4) Position "A" is said to be strictly stable in one of its ancestral positions, "B" iff the temperature of A is less than any of its ancestors in B.
Position "A" is said to be unstable in "B" iff there is some position which is an ancestor of A and a descendant of B which has lower temperature than A.
4a) When is a move to A "sente", and when is it "gote"?
4b) What if A is "quasi-stable" in B?
5) On a 9x9 board, construct an endgame position in which the only winning move is unorthodox. What does the difficulty of finding such a construction suggest about the frequency with which such positions occur in actual games?
As indicated in the parentheses of item 4), conventional rules end the game when both players elect to pass by taking coupons of value 0. However, another definition of Go scoring can be obtained by prohibiting passing, and redefining the terminal bid to be of value -1. With that rule in effect, players will play out the dame at temperature 0. Either player who so chooses can continue playing at temperature -1, by filling his own territory, playing into his opponent's territory, or returning a captured stone to his opponent's pot. If he has more such moves than his opponent, his opponent can do no better than take -1 point coupons.
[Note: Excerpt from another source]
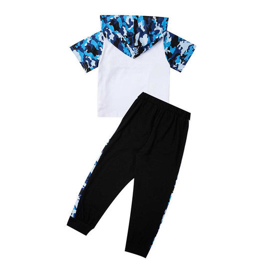 Boys Blue Camoflauge Hooded T-Shirt & Trousers Set (Age 24M-8YRS)
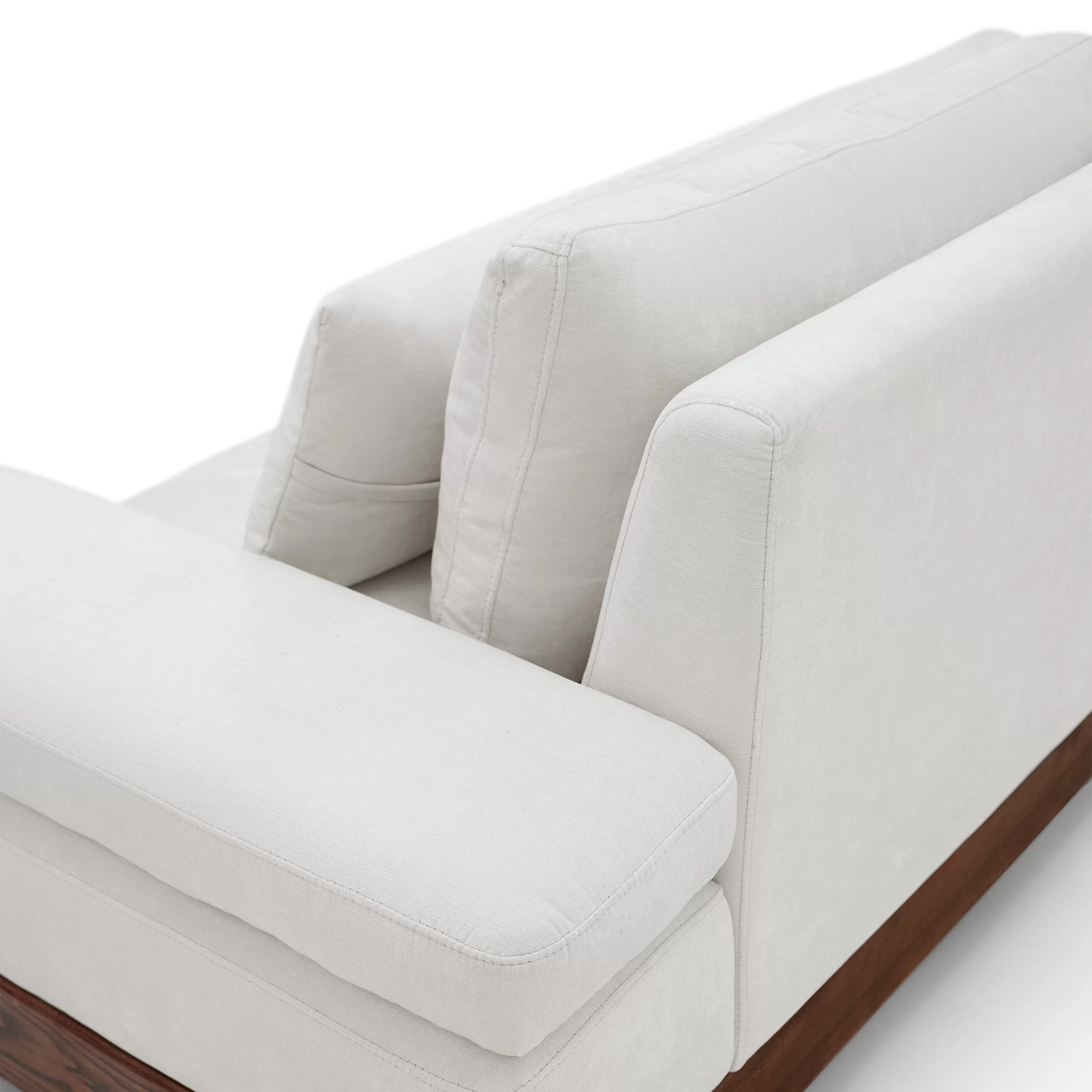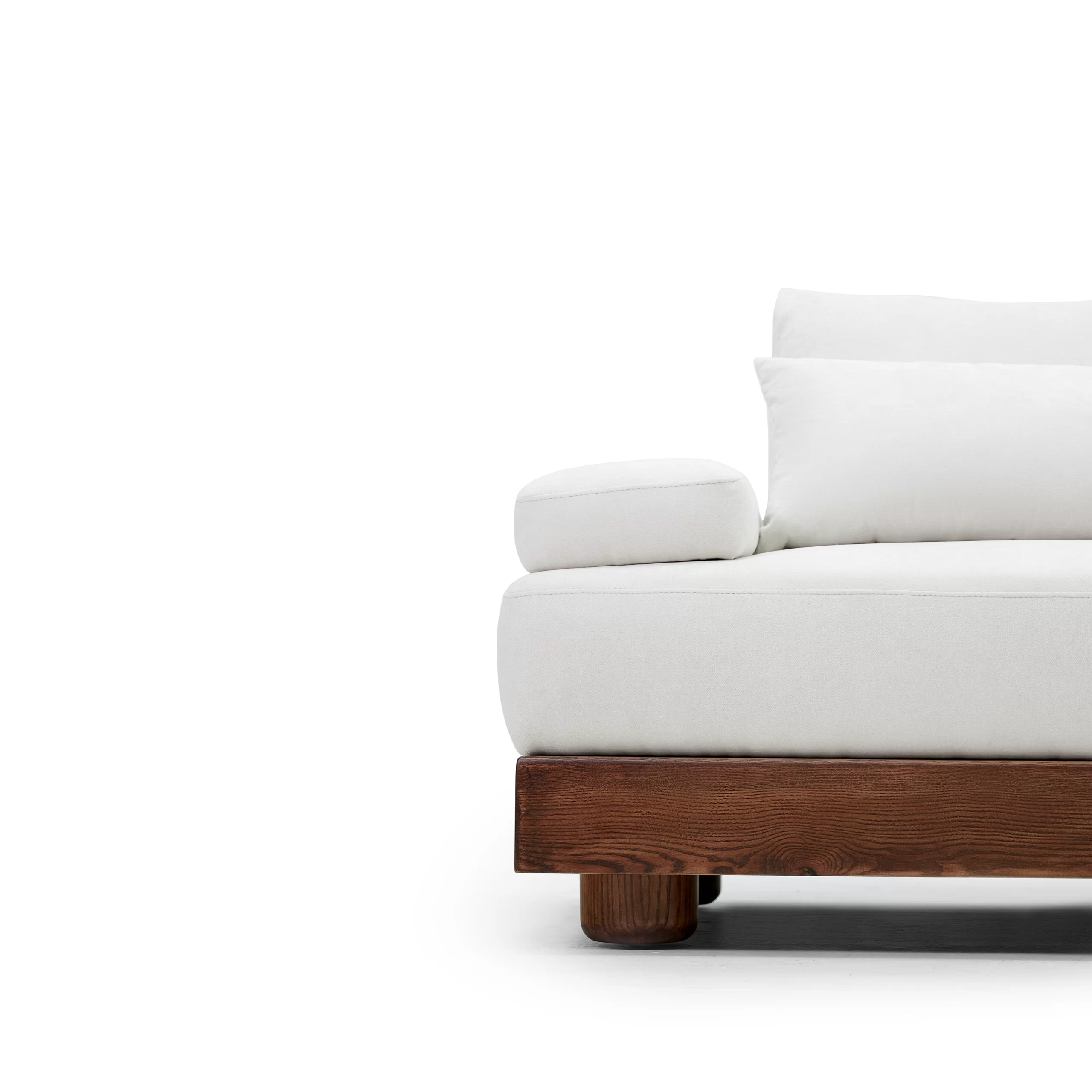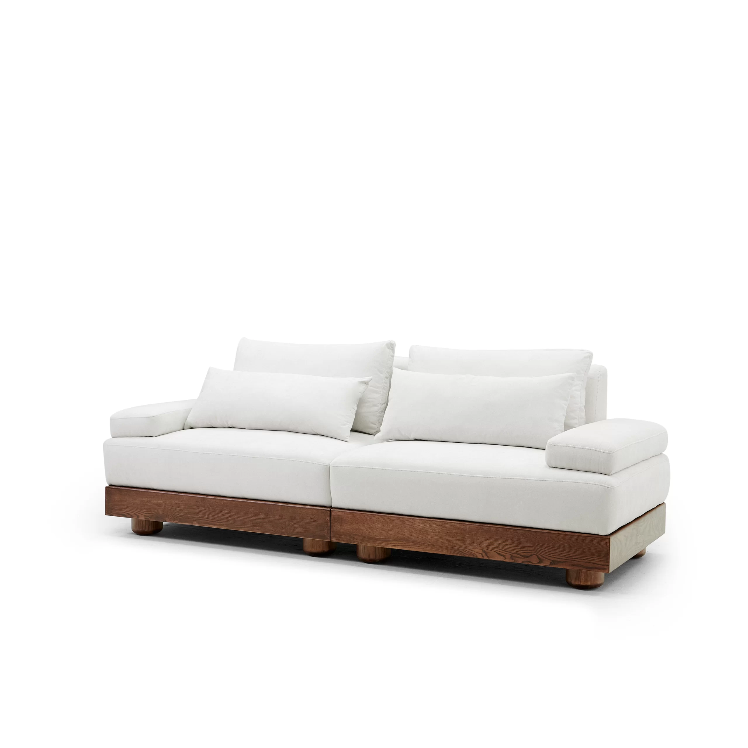 Bệ gỗ Tần bì tự nhiên với tông nâu óc chó ấm áp tạo điểm nhấn thị giác độc đáo. Bên trong, khung gỗ Sồi sấy khô kết hợp plywood đạt chuẩn nội thất bền vững đảm bảo độ vững chắc theo thời gian. Hệ thống đệm K43 kết hợp lò xo cối mang lại độ nâng đỡ tối ưu và cảm giác êm ái lâu dài. Đệm tựa lưng và tay vịn thiết kế rời giúp bạn tùy chỉnh độ êm theo sở thích cá nhân.

Eventually both players run out of moves on the board at temperature -1, and they take successive coupons whereupon the game ends via rules 3) and 4).
Under these rules, there is no need to score on the board, because all of the points are converted into coupons, EXCEPT for the last two eyes in each live group. So this score matches a legendary set of ancient Chinese rules, which differs from modern rules in that the modern players get two additional points for each live group.